Of course not everyone is as secretive about their smoking habit as I am. Some people actually remove themselves from their smoke-free offices and go outside to smoke on the street in full view of passers by. I've heard that some visitors to New Zealand, unaware of the non-smoking laws, actually mistake these little congregations as sex workers.
Governments can legislate against smoking in public, but they still collect enormous revenues from the sale of cigarettes. I bet that the amount of revenue gathered exceeds what our government contributes to funding the health system. So although smoking related illnesses cost every country's health system, smokers are virtually self funding.
Recently the focus of our national consciousness has turned towards the increase of obesity among our children. Apparently this is the new public enemy endangering the health of upcoming generations. It seems that as a nation of dairy product consumers, particularly butter, we're turning into a bunch of fat bloaters whose children are developing Type II diabetes. This condition used to be known as adult on-set diabetes only now it's not just adults who are getting it.
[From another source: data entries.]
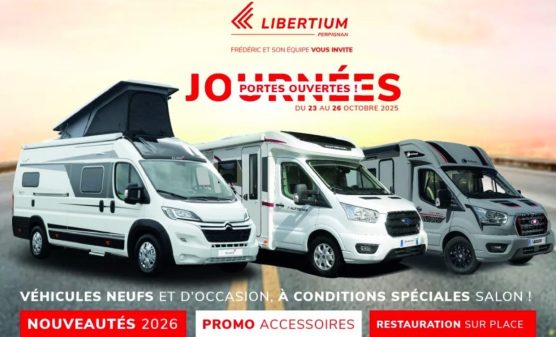 Sous le soleil catalan, l'équipe Libertium présentera sa sélection de véhicules : nouveautés 2026, fins de série, occasions... Parmi marques présentes, retrouvez : Autostar, Benimar, Bürstner, Challenger, Eden Camp, Elios, Euramobil, Font Vendôme, Mc Louis, Panama, Pössl, Rimor et Westfalia.
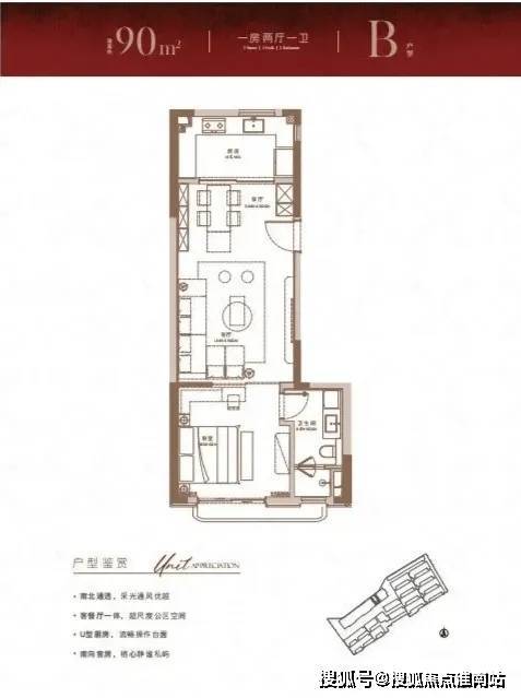 此外,除了上述百平2房户型外。还推出了建面约90㎡的一房设计。该设计专为追求精致生活的都市精英量身打造,以套房主卧为核心,营造出尊崇而舒适的居住体验。
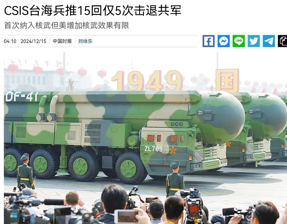 美国智库终于承认了,即便美国军事介入台湾问题,美国也无法确保稳赢,并且美国的输面更大!12月15日,根据岛内媒体报道,岛内媒体称美国智库CSIS和MIT最近进行了十五次兵推。结果显示,15回兵推中,美军仅5次击退解放军。而即便美国进一步加强核武能力,对于能否阻止大陆影响也相当有限。
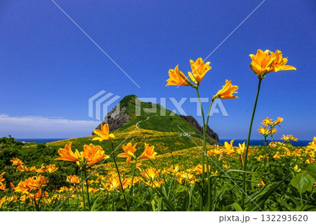 新潟縣佐渡島小野龜市:小野龜花島上的飛島萱草,五月至六月

Sadly, as a person with a BMI of over 25 I have to put my hand up to that weakness as well. Yes, I like butter. Does this make me a social outcast? Almost. Should I start hiding that as well? The idea is too exhausting. Ok, so I've gained some weight since becoming a mother. No excuses, it's my fault entirely. I find it hard to resist nibbling on the yummy kiddie leftovers. But I've noticed my friends making the odd comment about my size. Nothing nasty, just a little remark here and there, mostly from the men, that leave me in no doubt that they think I need to cut down.
And they're right. I do. I'm a size 14 and that's at least one dress size more than I should be. I used to be a size 12 and I'm pretty sure the dress size measurement system has grown so today's size 12 is probably what used to constitute a size 10.
If I'm honest I'd love to ditch the smoking habit and lose a couple of stone. Only in giving up smoking my weight will increase - at least for a while - until I get myself under control. That prospect is almost enough to put me off even trying.
Lucky though we are to live beside the beach, sometimes it's a mixed blessing. I find that having to don swimwear and chat to the neighbours leaves a girl feeling exposed on too many fronts. Imagine if I did it with a cigarette in my hand, well that could solve my problem because I'm almost certain they wouldn't want to talk to me.
I do have a choice. I could abandon Lycra and instead buy myself a burka. Hell, I might even manage to smoke secretly in public beneath it. But no, with summer just around the corner it's time to put my shoulder to the grindstone, and address my smoking/eating, yet again.
Now, I might just go off and have a cigarette while I plan how I'm going to do it.